[Opening DATA IN THIS EXERCISE section]

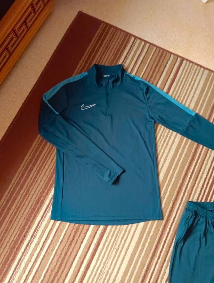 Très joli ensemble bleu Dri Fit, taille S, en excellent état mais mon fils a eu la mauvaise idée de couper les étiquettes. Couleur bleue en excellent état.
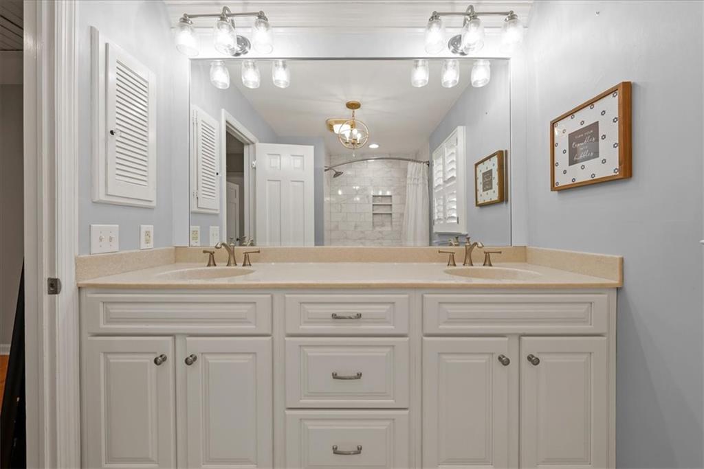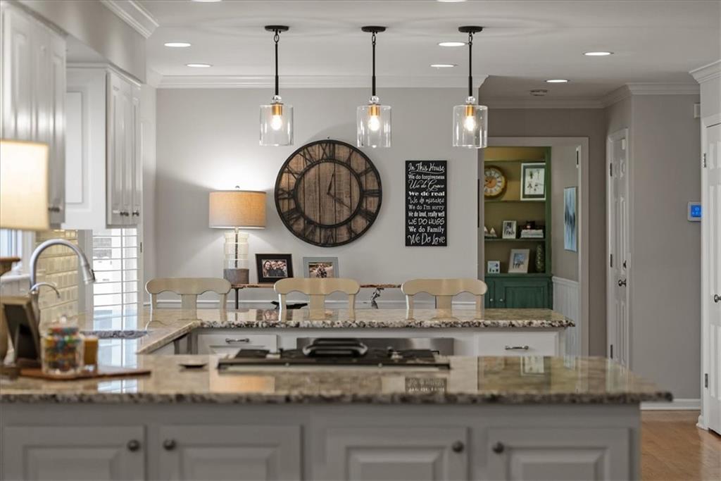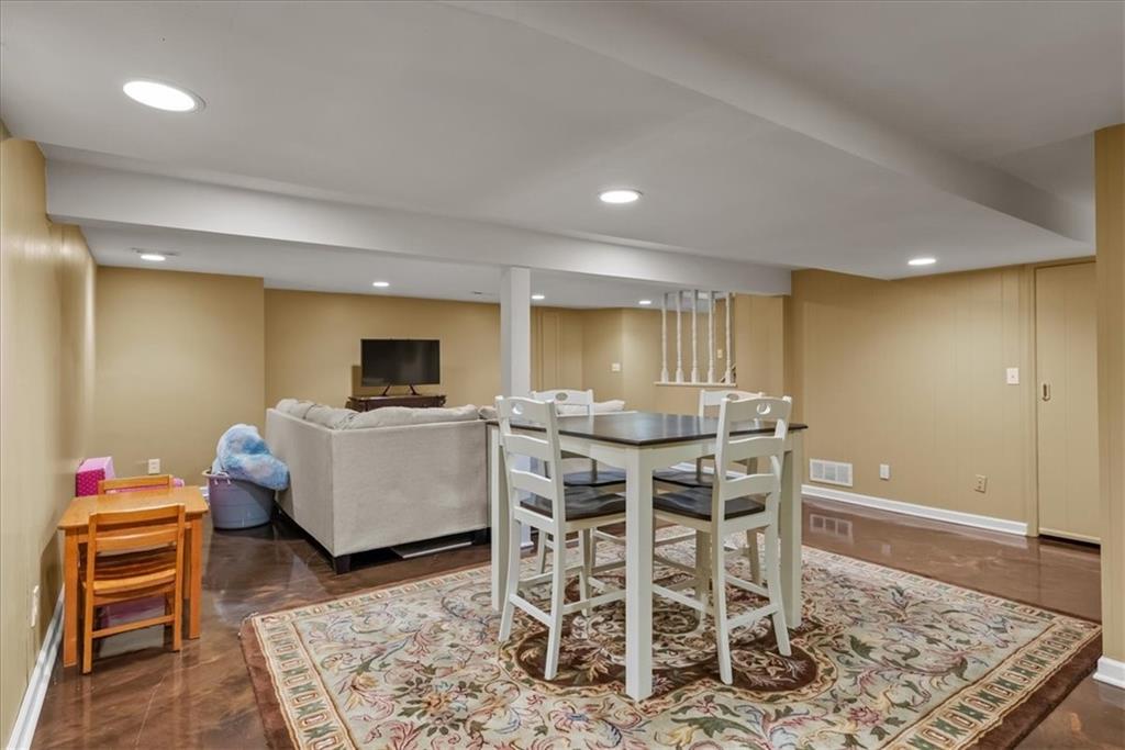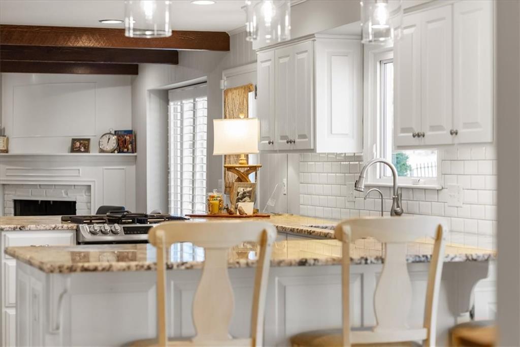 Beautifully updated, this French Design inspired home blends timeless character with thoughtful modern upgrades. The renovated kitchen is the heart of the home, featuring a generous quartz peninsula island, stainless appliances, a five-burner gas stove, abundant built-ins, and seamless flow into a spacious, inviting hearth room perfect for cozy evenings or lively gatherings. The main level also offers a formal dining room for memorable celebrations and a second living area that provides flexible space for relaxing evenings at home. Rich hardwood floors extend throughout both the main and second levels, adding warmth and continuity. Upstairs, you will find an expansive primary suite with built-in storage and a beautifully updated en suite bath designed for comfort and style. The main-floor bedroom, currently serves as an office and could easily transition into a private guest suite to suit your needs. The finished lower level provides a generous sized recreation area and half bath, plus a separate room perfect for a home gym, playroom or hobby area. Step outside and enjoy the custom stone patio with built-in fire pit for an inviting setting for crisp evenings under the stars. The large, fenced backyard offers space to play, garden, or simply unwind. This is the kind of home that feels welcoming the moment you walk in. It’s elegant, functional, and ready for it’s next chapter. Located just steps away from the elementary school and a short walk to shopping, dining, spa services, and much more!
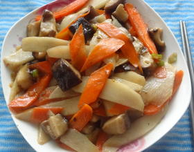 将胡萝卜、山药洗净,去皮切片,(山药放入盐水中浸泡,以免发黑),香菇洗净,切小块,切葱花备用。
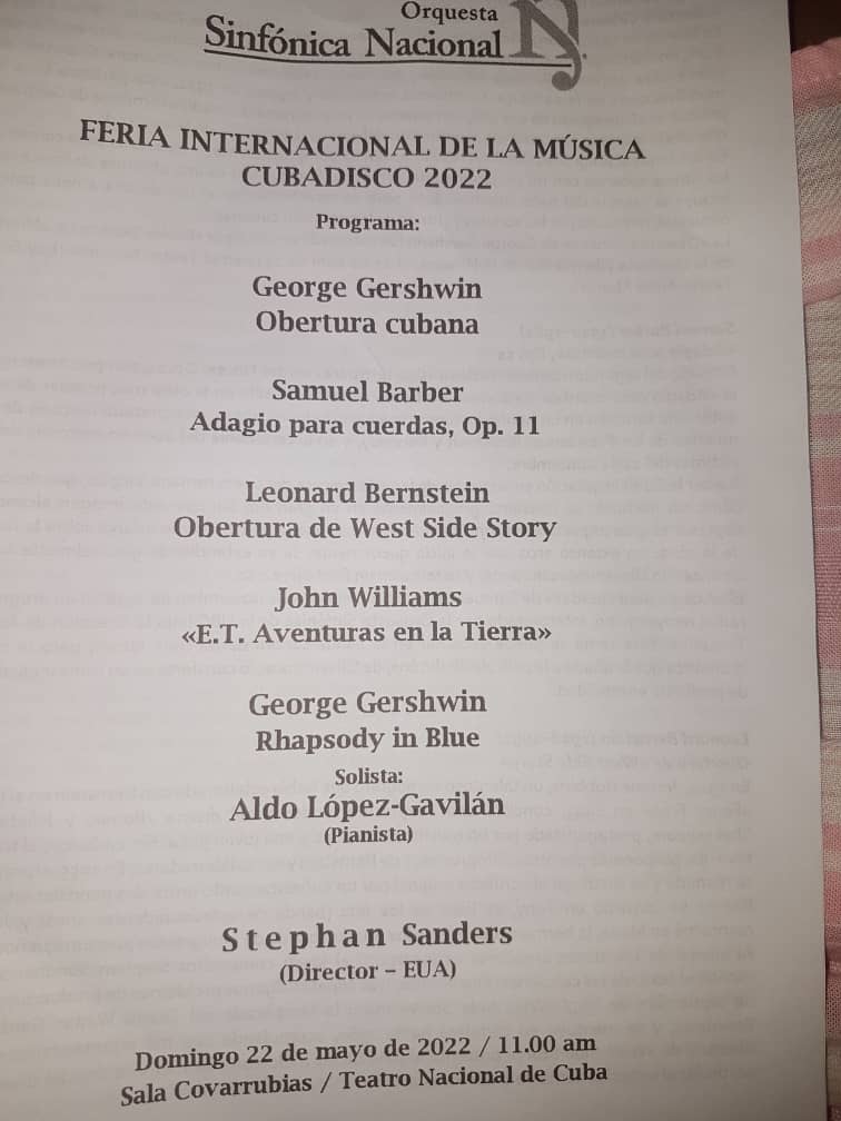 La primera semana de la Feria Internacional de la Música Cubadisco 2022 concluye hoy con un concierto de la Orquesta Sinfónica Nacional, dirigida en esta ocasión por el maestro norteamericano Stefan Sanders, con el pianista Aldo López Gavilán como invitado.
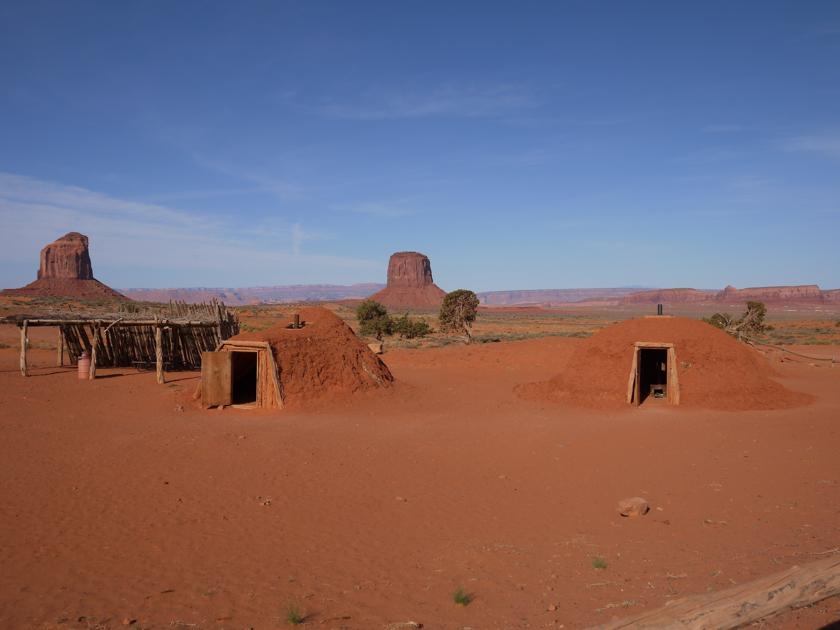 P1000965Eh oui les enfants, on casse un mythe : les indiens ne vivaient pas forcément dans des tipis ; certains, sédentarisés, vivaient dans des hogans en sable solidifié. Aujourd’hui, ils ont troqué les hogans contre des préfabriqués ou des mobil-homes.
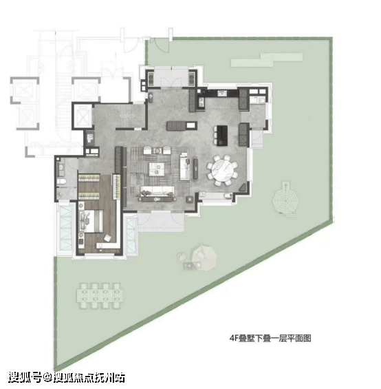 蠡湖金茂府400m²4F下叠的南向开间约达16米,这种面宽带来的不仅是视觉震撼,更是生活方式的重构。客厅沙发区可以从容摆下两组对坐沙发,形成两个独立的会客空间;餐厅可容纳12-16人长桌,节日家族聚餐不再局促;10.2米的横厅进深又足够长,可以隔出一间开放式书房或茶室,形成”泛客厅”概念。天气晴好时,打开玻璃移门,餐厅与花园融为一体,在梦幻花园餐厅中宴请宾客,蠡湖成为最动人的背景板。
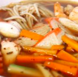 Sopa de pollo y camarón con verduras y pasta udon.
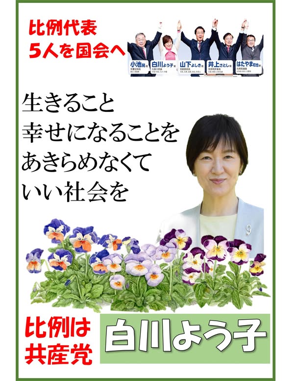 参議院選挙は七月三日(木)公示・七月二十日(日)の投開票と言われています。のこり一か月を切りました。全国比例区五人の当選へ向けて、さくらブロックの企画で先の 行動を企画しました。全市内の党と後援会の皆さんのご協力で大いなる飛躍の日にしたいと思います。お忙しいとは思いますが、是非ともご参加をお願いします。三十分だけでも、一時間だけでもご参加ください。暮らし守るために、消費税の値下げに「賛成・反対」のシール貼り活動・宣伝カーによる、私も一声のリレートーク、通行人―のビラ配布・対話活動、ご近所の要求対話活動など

[Closing DATA IN THIS EXERCISE section]
[Opening DATA IN THIS EXERCISE section]

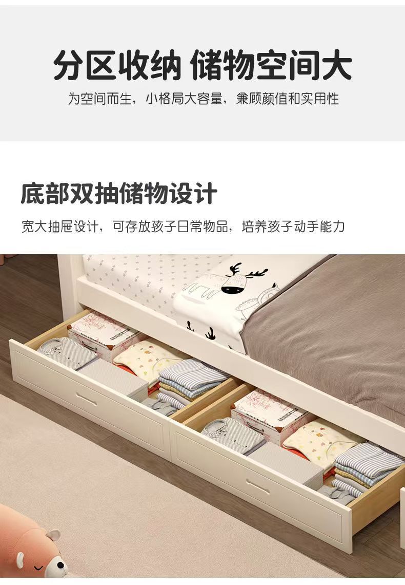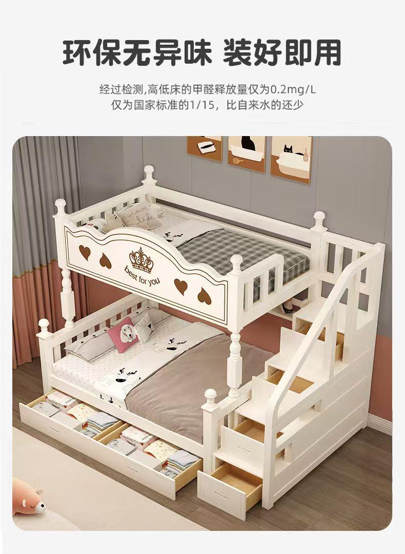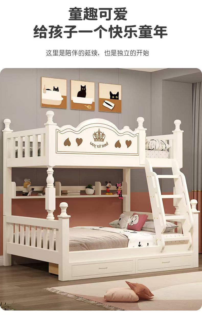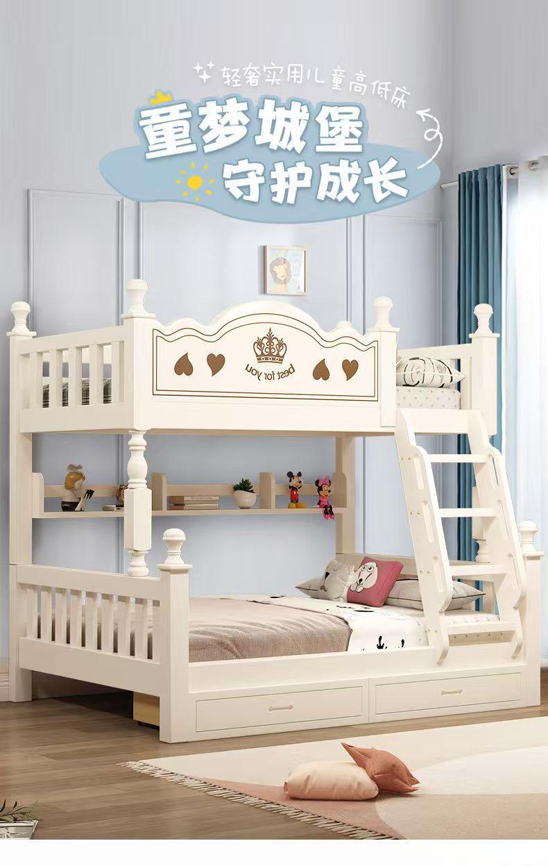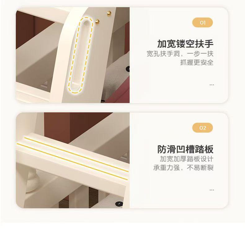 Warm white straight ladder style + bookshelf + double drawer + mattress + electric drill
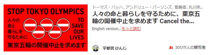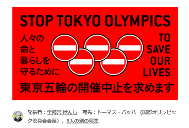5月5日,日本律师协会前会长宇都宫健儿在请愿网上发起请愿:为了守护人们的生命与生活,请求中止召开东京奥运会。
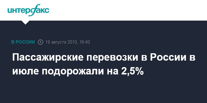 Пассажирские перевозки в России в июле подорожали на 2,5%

[Closing DATA IN THIS EXERCISE section]

● TASK OBJECTIVE:
Given the records above, return the lines starting at the one that holds "5月5日,日本律师协会前会长" and ending at the one that holds "Пассажирские перевозки в", exactly, and nothing besides; leave every picture out.

● WRITTEN SOLUTION:
5月5日,日本律师协会前会长宇都宫健儿在请愿网上发起请愿:为了守护人们的生命与生活,请求中止召开东京奥运会。
 Пассажирские перевозки в России в июле подорожали на 2,5%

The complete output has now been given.